I’d been thrown off by his opening gambit because it just hadn’t made any sense to me, coming as it did from a rather obtuse angle and then suddenly switching to the main point. I mean, I know full well that a great way to throw an argument a bit off track is to shift from discussing the opinions at the heart of it to the method of discussion (“look, you don’t have to shout, all right?” etc), but if you’re trying to make a point to someone in the first place I think it’s probably key to express that pretty clearly.
I think we’ve probably all had experience of disagreements which begin with you being wrong-footed by a bewildering opening – something like “I think you’ve got something to tell me, don’t you?” – which kind of leaves you feeling a few minutes behind as you try to catch up and figure out what you’re supposed to be discussing, or what you’ve allegedly done; I guess that’s partly due to the fact that the person initiating the (ahem) discussion has had more time to mull it over in their mind and try to figure out the sharpest and snarkiest angle of attack – which lets you know that they’re not happy, though not necessarily what they’re not happy about. Which probably isn’t the ideal way to communicate.
In a similar fashion, I often find myself slightly bewildered by slang and text-speak and the like, which is obviously a sign that I’m an old fart, but I think that sometimes it almost seems like the point of the slang is less about getting your point over, and more to be seen to be using zOMG, LOL, dat, 2day, and the like. In this situation, I guess the medium, or at least the method of communication, becomes the message.

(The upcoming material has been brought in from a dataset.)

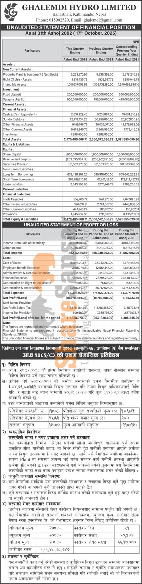 Ghalemdi Hydro Limited has posted a net loss of Rs 17.38 million and published its 1st quarter company analysis of the fiscal year 2082/83.

You see slang and invented languages used a fair amount of fiction, too; A Clockwork Orange is a pretty good example, though if memory serves that gradually adds more and more of the invented lingo until you suddenly realise, towards the end of the book, that most of it is in Nadsat. Quite a lot of books written in not-quite English (or at least, not quite English as we know it today) are off-putting to the reader, and are often reviewed with comments to the effect that ‘persevering pays off’, though I think there may be an argument to be made that in the opening stages of a book, care should be taken not to alienate the reader; it’s a case of setting out your stall or being on your best behaviour in the early stages of a relationship, to my mind, though of course you don’t want to make your beginning so smooth and easy that it misleads about what’s to follow (whilst I haven’t read beyond the first Harry Potter book, I gather that the series gets darker as time goes on, and deals with far less innocent stuff), or so cautiously tailored to avoid alienating anyone that it ends up appealing to no-one.

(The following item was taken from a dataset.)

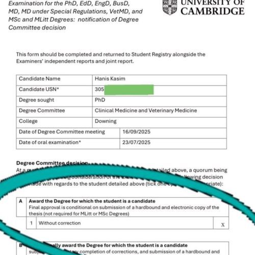 Dapat sesuatu daripada perkongsian berharga ini? Perjalanan ini mengajar Dr. Hanis bahawa setiap kejayaan bukan sekadar hasil usaha individu, tetapi hadir daripada doa, sokongan, dan proses yang betul. Beliau sendiri tidak menyangka Degree Committee (barisan profesor senior) dalam bidang Clinical Medicine dan Veterinary Medicine di Universiti Cambridge mampu mengubah keputusan yang asalnya hanyalah correction biasa.

I guess the point of all this rumination is that there’s some truth to the idea (which I’m not claiming to have originated) that the quality of your communication is the degree to which it’s understood; if you want to be understood clearly, so that you can proceed (with your story or argument or whatever), I guess the key thing is to rein in any tendency to elaborate or approach from a clever angle, and just to get to the heart of the matter as directly as possible.
I’m reminded of Samuel Johnson’s advice about writing, which I think applies: “Read over your compositions and, when you meet a passage which you think is particularly fine, strike it out.”
…Which also goes to explain why so many of my blog posts are published as written. Hmm.